Speaking after the ruling, the union said it would respect the judgment, while filing an urgent appeal against it. They will also head back to Nedlac in the matter.
Sasbo urged its members not to strike.
Sasbo’s was arguing before the labour court that its shutdown should be allowed, to let 40,000 to 70,000 finance sector employees stay away from work in a campaign against planned job cuts in the banking sector.
However, the court ruled that any planned protest would now have to go ahead unprotected by labour law as proper processes were not followed.
Business Unity South Africa (Busa) launched an urgent court challenge against Sasbo due to the impact the strike would have on the economy.

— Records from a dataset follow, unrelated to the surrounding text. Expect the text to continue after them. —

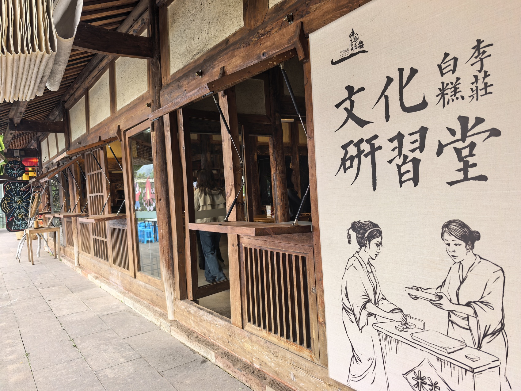 走進(jìn)大屋基咖啡店,清代老宅的夯土墻、木梁柱被完整保留,內(nèi)部卻改造為時(shí)尚休閑空間。一旁的李莊白糕文化研習(xí)堂里,游客可親手制作傳承百年的非遺美食李莊白糕。
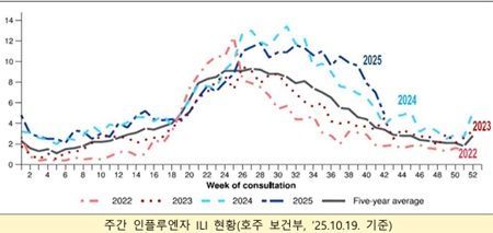 호주의 주간 인플루엔자 의사환자 현황 그래프를 보면, 2025년 시즌(파란 점선)이 최근 5년 평균(검은 실선)보다 높은 위치에서 유지되다가 3034주차(7월 말~8월 말) 사이에 정점을 형성했다. 이는 2024년(청록 실선) 시즌과 비슷한 양상이다.
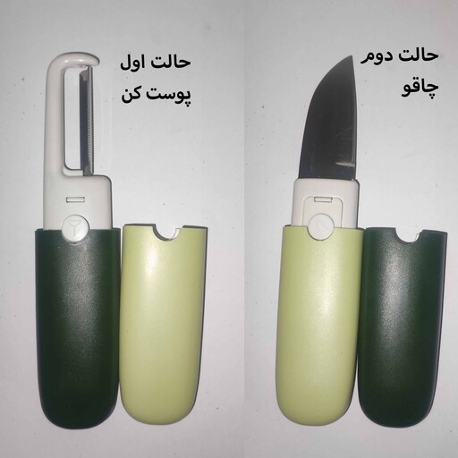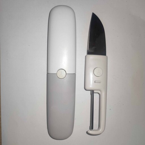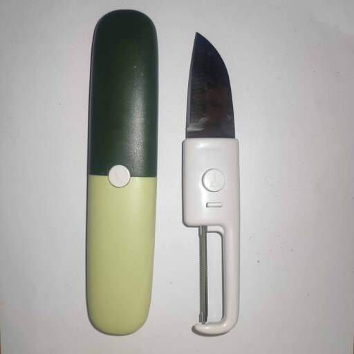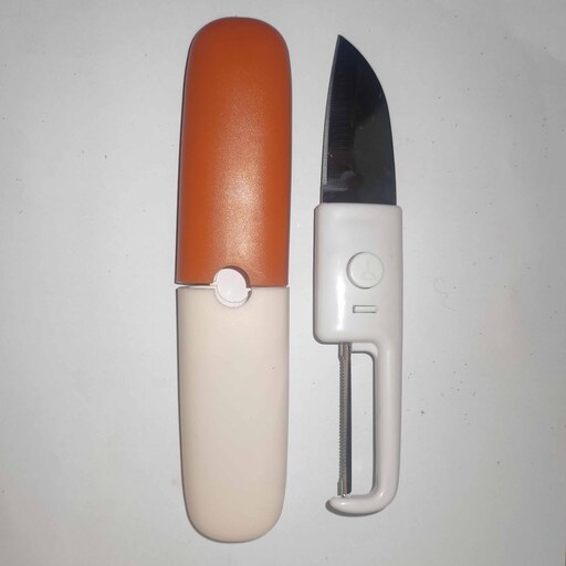 این ابزار چندکاره شامل یک چاقو و یک پوستکن است. جنس تیغهها استیل ضد زنگ و بدنه پلاستیکی است. با استفاده از دو دکمه روی بدنه میتوانید پوشش پلاستیکی روی چاقو یا پوست کن را خارج کنید و از طرف دیگر به عنوان دسته استفاده نمایید. همچنین می توانید دو غلاف پلاستیکی را همزمان نیز در بیاورید. وجود پوشش پلاستیکی باعث میشود بتوانید چاقوی چند کاره سفری را به راحتی در کیف، جیب، کیسه پلاستیکی و ... حمل کنید.

Basa managing director Cas Coovadia yesterday said banks recognised the rights of workers to engage in protest action, but the planned stayaway would “further burden the economy and deter investment”.
“The only sustainable solution lies in improved education and attracting higher levels of investment to drive economic growth and job creation.
“These require government, labour and business to work together in the national interest,” Coovadia said.
Protest actions needed to be undertaken in terms of the law, to ensure the safety of the public, businesses, customers, “as well as the least possible disruption to the economy”.
The global banking industry was “evolving in response to economic pressures, digital innovation and the changing way customers use and consume financial services”.
“The reduction of staff numbers in many traditional banking services is a worldwide phenomenon,” said Coovadia.
“Because of global changes, many in the local banking industry are having to restructure their businesses to ensure they remain sustainable and relevant to the needs of consumers.
“South African banks also have to manage the impact of low business volumes because of the state of the economy, which will remain weak for the foreseeable future.”
The South African Reserve Bank has predicted growth of only 0.6% for this year and under 2% through to 2021.
SA banks were “painfully aware of the high rate of unemployment in the country”.
“There have been negotiations with staff and their representatives in good faith, to minimise job losses,” said Coovadia.
“Where necessary and possible, they manage their staff numbers through natural attrition and by providing training and new opportunities to affected employees.
“Retrenchment is a last resort.
“Basa members who are restructuring their businesses have indicated that a few hundred employees are at risk of retrenchment, despite the efforts of redeployment and reskilling.
“Between them, South Africa’s six largest banks had 152,441 employees in 2018. This is an increase of more than 4,000 from 148,500 in 2015.
“Given the strong growth in smaller banks and financial technology companies, the financial system remains a growing employer.”
While Sasbo expected most banks to operate as usual tomorrow, it said its members were “taking the necessary precautions to minimise disruption and inconvenience to customers”.
Coovadia advised bank customers – in cases of unavoidable disruptions at branches – to make use of digital banking services.
Banks would be “carefully monitoring the situation to ensure the safety of their customers and staff”.